(posted May 1, 10:30 am) — Nicaragua woke up shaking again this morning with a 4.7-magnitude earthquake at 7:35 am near Momotombo Volcano, north of Managua. The quake, which reportedly frightened people but didn’t cause any damage, was only 3.4 kilometers deep.
The quake was followed by five aftershocks in the following 40 minutes, ranging in magnitude from 1.4—3.1, according to the Nicaraguan Institute of Territorial Studies.
The continued earthquakes come hours after President Daniel Ortega announced that Nicaragua remains on highest alert for seismic activity, triggered by the earthquake on April 10.
“It doesn’t depend on us, it depends on the assessments that they make, that the scientists who are following these seismic events make,” Ortega said.

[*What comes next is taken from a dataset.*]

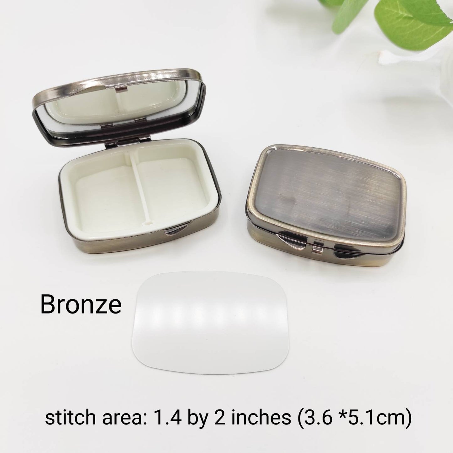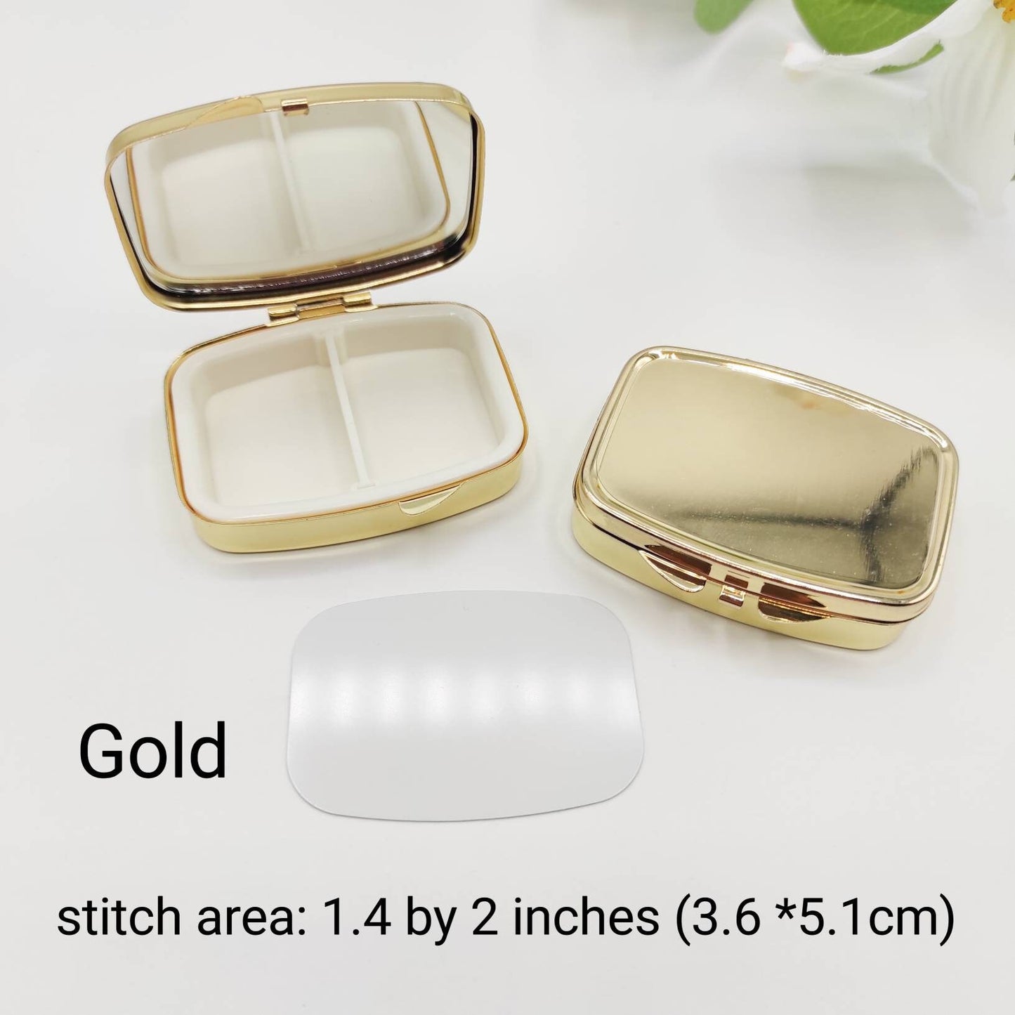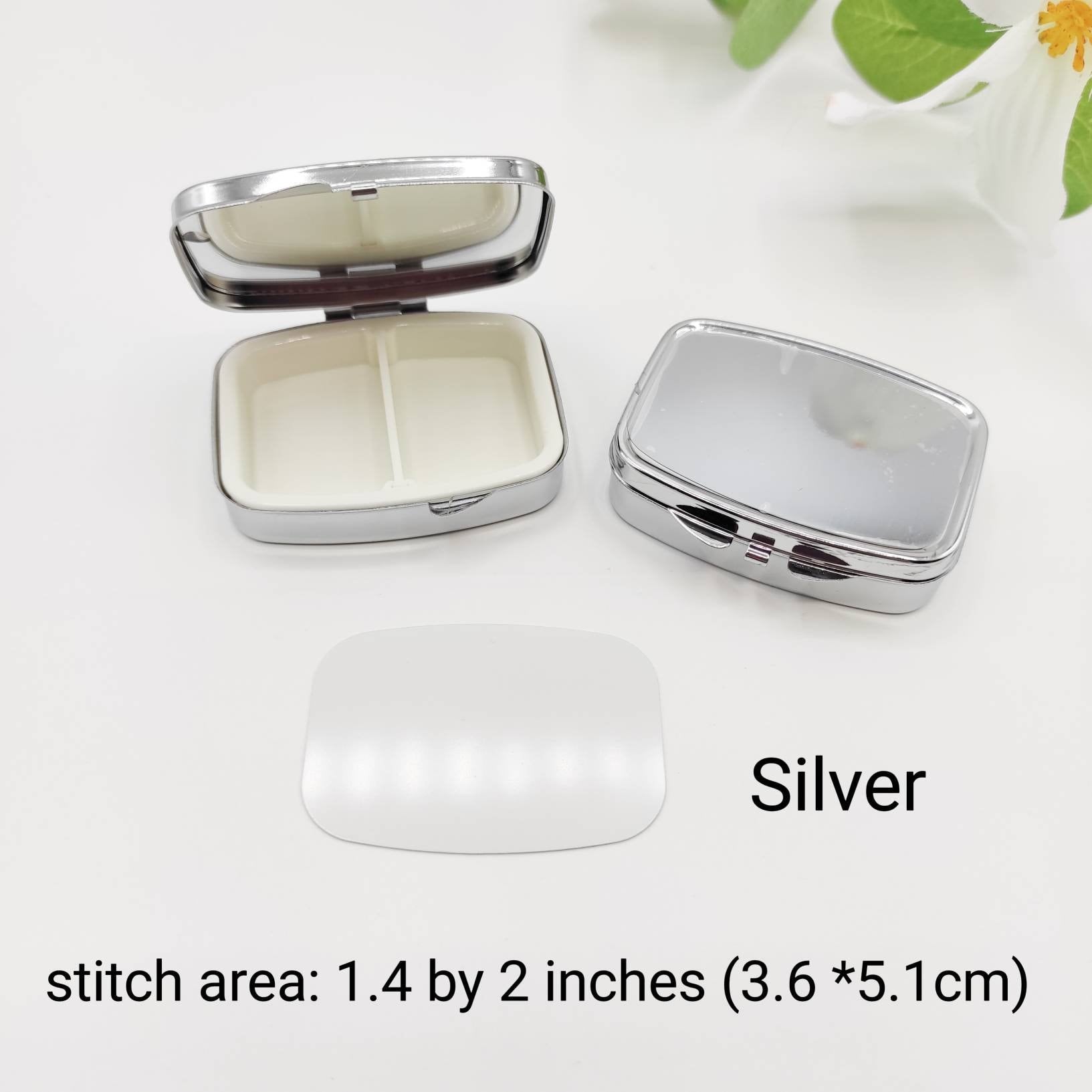 Small Rectangle pill box (2 blank) with matching metal backing disc

“It doesn’t depend on us, it depends on the assessments that they make,” Ortega said, repeating himself. “As long as they present assessments where there is risk of high intensity seismic events, we have to maintain the red alert. When they tell us that the probability has decreased, we will suspend the red alert and put it back to yellow.”
Ortega also mentioned that Nicaraguan scientists have long discussed the possibility of moving the capital away from Managua, where five major fault lines intersect, but said there is seismic risk everywhere in the country.